The many considerations and the succession planning process can be overwhelming as it requires sensitivity, transparency and expertise that can create paralysis – particularly as you need to focus on running your business. It is true, the process is complex and unique to every business, but it is a worthy, if not necessary, endeavour that benefits your business, family and income.

Where to begin will depend on your personal timeline, family structure and how quickly successors (family members, employees, or other individuals) can effectively fall into place. Often the value of your company is based on the value of your contribution. We must plan to capture and pass along that value to the next generation.

Succession planning examples

There are many possible scenarios and tax implications in succession planning but let us look at one where there are three adult children of a business owner. The owner wishes to split the estate into three equal parts. The first consideration is confirming if any of the three children are interested in taking over the business. Assumptions must be tested and confirmed before any planning begins.

This conversation is often best facilitated by a lawyer for several reasons, and one example early in the process is to present the opportunity accurately by balancing the dinner table conversations of the business stresses and other negatives with the positives of getting involved in the family business.

When one adult child is interested in the business

Identifying a timeline and the scale to which the adult child wishes to be involved and, potentially, take control will lead to a planning framework. The financial planning component can include a family trust where this adult child, and perhaps the other children, is an income beneficiary but has no control over the company. Flowing money from the company through the family trust to the children must be done carefully to ensure no one pays a high rate of tax on income received.

The rate at which the transition occurs will largely depend on two key factors:

(1) When the parent is ready to give up any degree of control. You might want your successor to learn skills in the process of grooming to succeed you, but educational and other milestones could be important factors too before you pass over control.

(2) When the successor demonstrates the skills, experience, and readiness to take over. What involvement has the child had in the business to date?

A child wishing to take over the business often takes place when the parent is ready to release control and/or when the adult child demonstrates an ability to manage the company effectively. Control of the company can include voting shares, becoming a director, or positioning him/her as shareholder.

Two adult children who are not interested in family business

To equally split the business, careful considerations should be made for the adult children who will not work in the family business as there are significant tax implications that require planning. An owner could issue common shares to the two children or name the children as additional beneficiaries of the family trust, but they will each pay a high tax rate on any dividends or income received since they are not active in the business.

To split evenly three ways, one should consider the value each child receives over time regardless of their involvement in the business.

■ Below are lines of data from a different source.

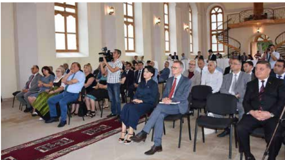
Памятное мероприятие 17 июля в здании лютеранской церкви в Гейгёле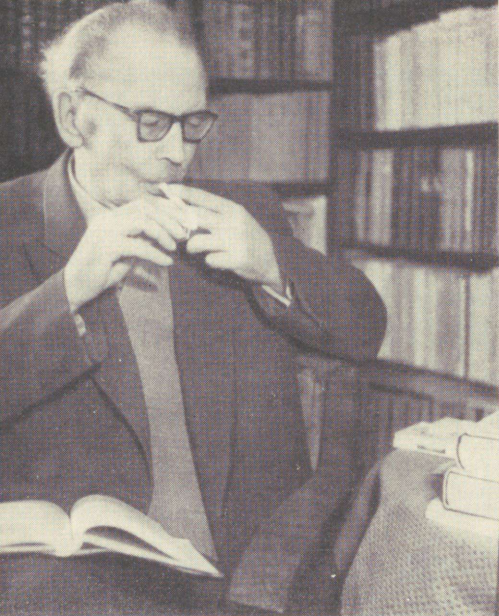
Friedebert Tuglas, Volksdichter der Estnischen SSR, korrespondierendes Mitglied der Akademie der Wissenschaften der Estnischen SSR

dankt ihre besten Leistungen der engen Verbundenheit unserer Dichter mit dem Volke und den demokratischen und humanistischen Traditionen, an denen unsere besten Dichter stets festgehalten haben. Was uns das literarische Erbe L. Koidulas, J. Liivs, E. Vildes, A. H. Tammsaares, J. Sütistes und vieler anderer immer wieder nahe bringt, ist der Umstand, daß ihre Kunst keine heimatlose Kunst für Auserwählte, kein «l'art pour l'art» Schaffen ist, sondern das Leben und Streben der Volksmassen künstlerisch widerspiegelt.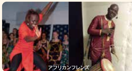
アフリカンフレンズ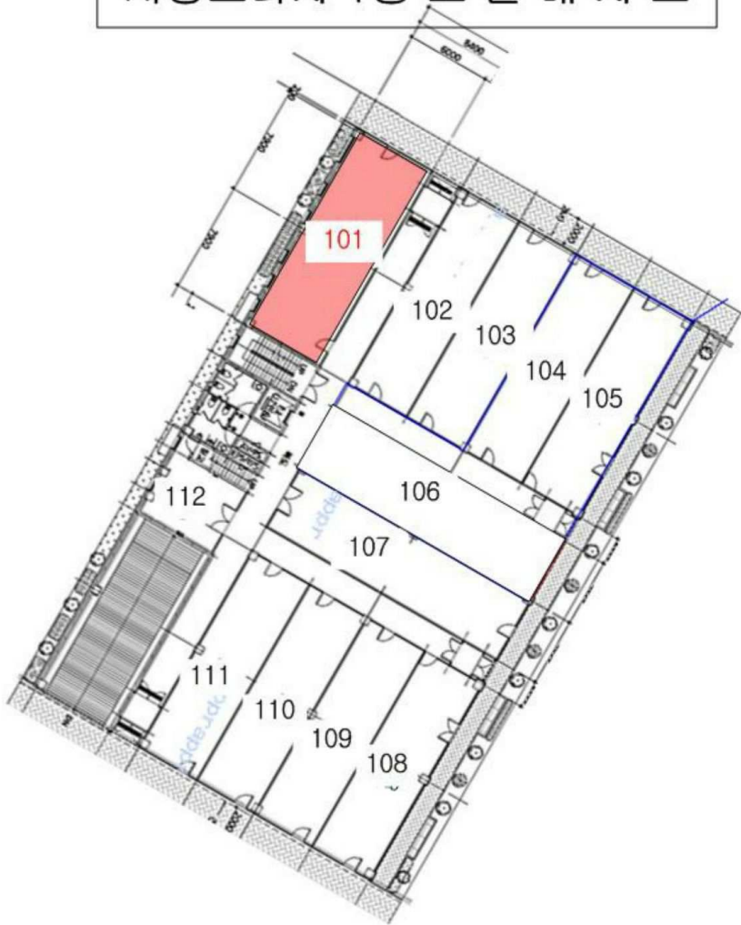
서영프라자 1층 호별 배치도

소재지 경상남도 양산시 물금읍 가촌리 1269-9 서영프라자 1층 101호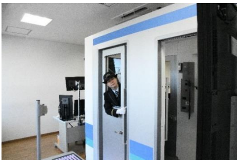
【ドア開閉操作体験】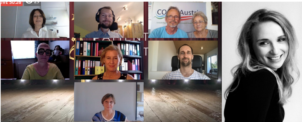
Die Gewinnerinnen und Gewinner des PIA - Patient Innovation Award 2021 bei der virtuellen Preisverleihung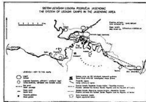
Sistem logora Jasenovac, za vrijeme 2. svjetskog rata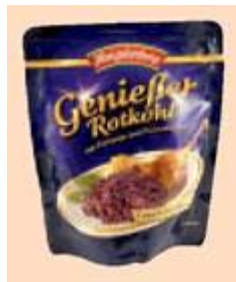
Hengstenberg Genießer-Rotkohl mit Portwein und Preiselbeeren Rich. Hengstenberg, 73726 Esslingen

Info Die Firma Voss & Zobus ist ein Tochterunternehmen von Hengstenberg, das auf Private Labels spezialisiert ist. Handelspartner könnten die »vielfältigen Kompetenzen« nutzen und beispielsweise bei der Produktentwicklung und Qualitätssicherung vom Mutterhaus Hengstenberg profitieren, heißt es im Firmenprofil. Plus macht davon offensichtlich gerne Gebrauch.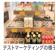
テストマーケティングの様子

有望市場(欧州、オーストラリア)でのテストマーケティング等により、販路拡大や市場への定着を支援します。

Other early considerations

Be realistic about the value of your business by discussing the value with your accountant. Too much cash, investments or non-business assets in the company can impact the transition and the ability to use your lifetime capital gains exemption.

Your valuation should consider what a third party would pay for your business. Part of this valuation process might include cleaning up excess cash, investments and non-business assets that should not be in the company. Careful succession planning with a business law lawyer and accountant is needed to ensure the transfer of these assets is done properly.

Again, it is imperative to plan early to maximize your income and the long-term success of your family business.